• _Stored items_
# # # # #

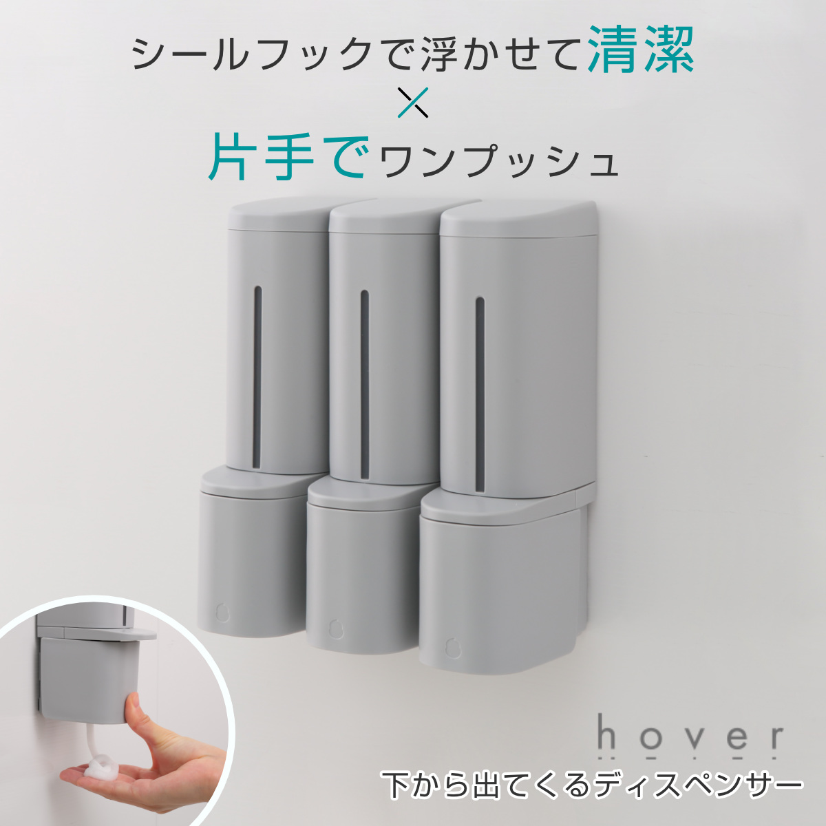 壁に取り付けて使える「ホバーシリーズ」です。中身に合わせて、リキッド・泡・ミストの3タイプから選べます。泡タイプはハンドソープなどの泡ソープに、ミストタイプはアルコールにも対応しています。浴室や洗面所など様々なシーンで活躍し、ライフスタイルに合わせてお使いいただけます。
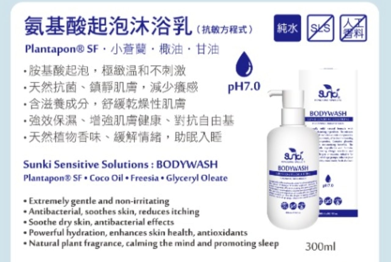 Plantapon® SF 氨基酸系界面,是極緻的起泡成份,配合無患子萃取液的天然皂素,泡沫更進一步的細緻、更溫和地潔淨每一寸肌膚,改善敏感、乾燥等肌膚問題。鎮靜肌膚、緩解痕癢、紅腫、炎症等等之不適,。高效保濕鎖水,維持健康皮膚的潤滑與柔軟。小蒼蘭天然香味,有助舒緩緊張情緒,提升睡眠品質。
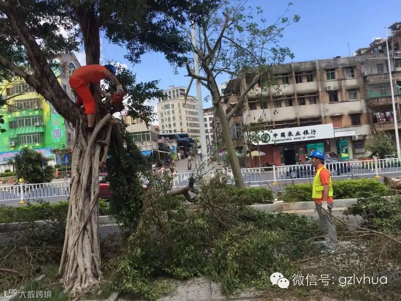 迎着落日余晖,抢险队员在湛江第九小学门口开展绿化抢险
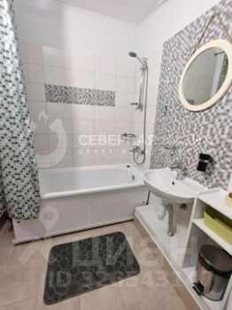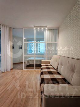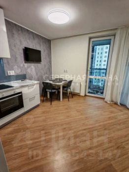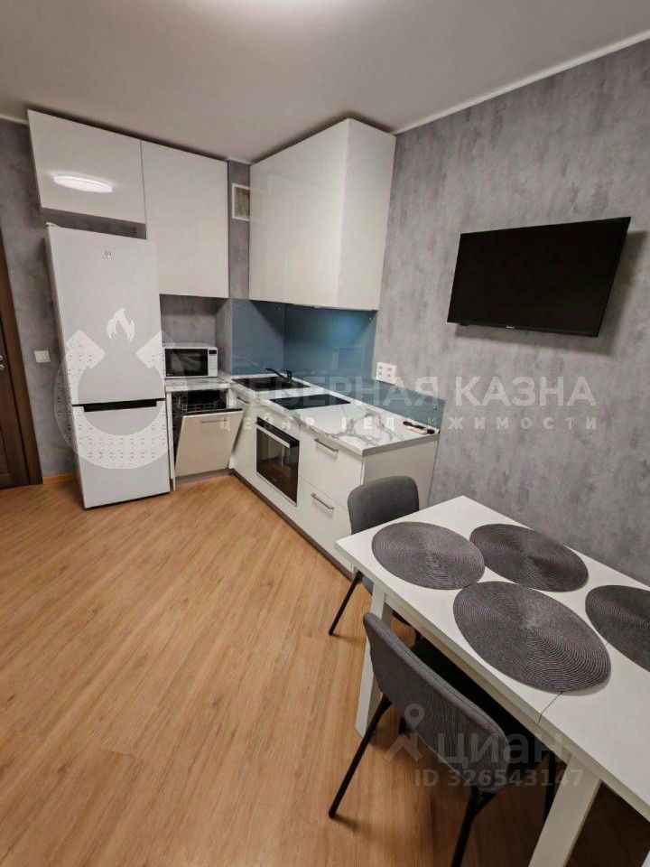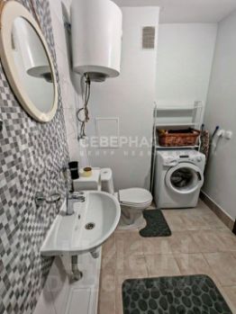 В кухне-гостиной установлена перегородка, благодаря которой можно обустроить спальную или рабочую зону. Эргономичный кухонный гарнитур со встроенным духовым шкафом, посудомоечной машиной и вытяжкой остается новым собственникам. Санузел оснащен водонагревателем на случай отключения ГВС
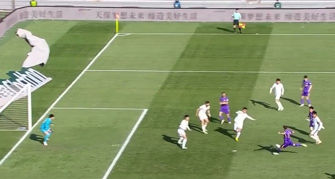 第21分鐘,孫銘謙打門(mén)被封堵,巴頓補(bǔ)射破門(mén),但主裁判經(jīng)VAR確認(rèn)后示意進(jìn)球無(wú)效。↓
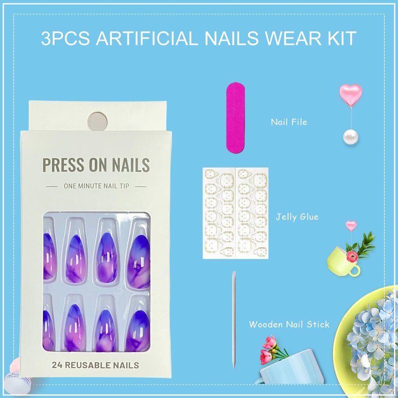 - 【Purple Glue on Nails Kit】: There are 24pcs of medium almond artificial finger nails 12different sizes, 1 mini nail file, 1 small wooden stick, 1 nail sticker in the package.(Jelly glue doesn't last as long as liquid glue, but it can make fake nails reusable. Please use suitable glue according to different occasions).
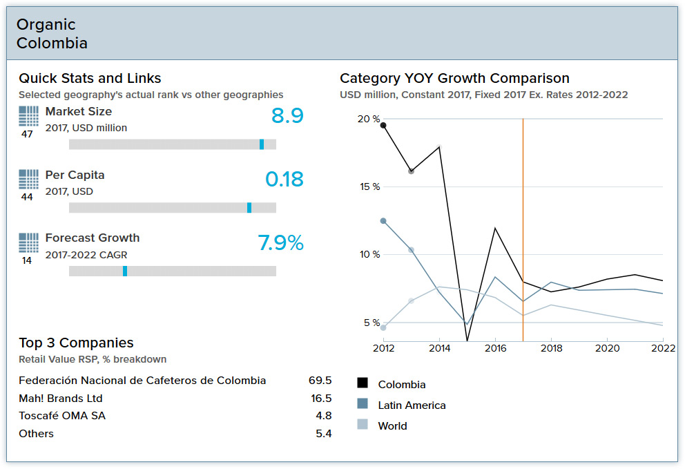 • Depending on the country, such products are called "organic," "biological," or "ecological": For organic products to be included under Euromonitor definitions, the organic aspect needs to form part of positioning/marketing of the product. This is an aggregation of organic baby food, bakery, confectionery, dairy, ice cream, oils and fats, ready meals, rice, sauces, dressings and condiments, snack bars, soups, spreads, sweet and savory snacks, and other organic food.

# # # # #

• _TASK DESCRIPTION_
From the line containing "第21分鐘,孫銘謙打門(mé" to the final line above, both included, transcribe every line exactly and leave all pictures out.

• _EXERCISE RESPONSE_
 第21分鐘,孫銘謙打門(mén)被封堵,巴頓補(bǔ)射破門(mén),但主裁判經(jīng)VAR確認(rèn)后示意進(jìn)球無(wú)效。↓
 - 【Purple Glue on Nails Kit】: There are 24pcs of medium almond artificial finger nails 12different sizes, 1 mini nail file, 1 small wooden stick, 1 nail sticker in the package.(Jelly glue doesn't last as long as liquid glue, but it can make fake nails reusable. Please use suitable glue according to different occasions).
 • Depending on the country, such products are called "organic," "biological," or "ecological": For organic products to be included under Euromonitor definitions, the organic aspect needs to form part of positioning/marketing of the product. This is an aggregation of organic baby food, bakery, confectionery, dairy, ice cream, oils and fats, ready meals, rice, sauces, dressings and condiments, snack bars, soups, spreads, sweet and savory snacks, and other organic food.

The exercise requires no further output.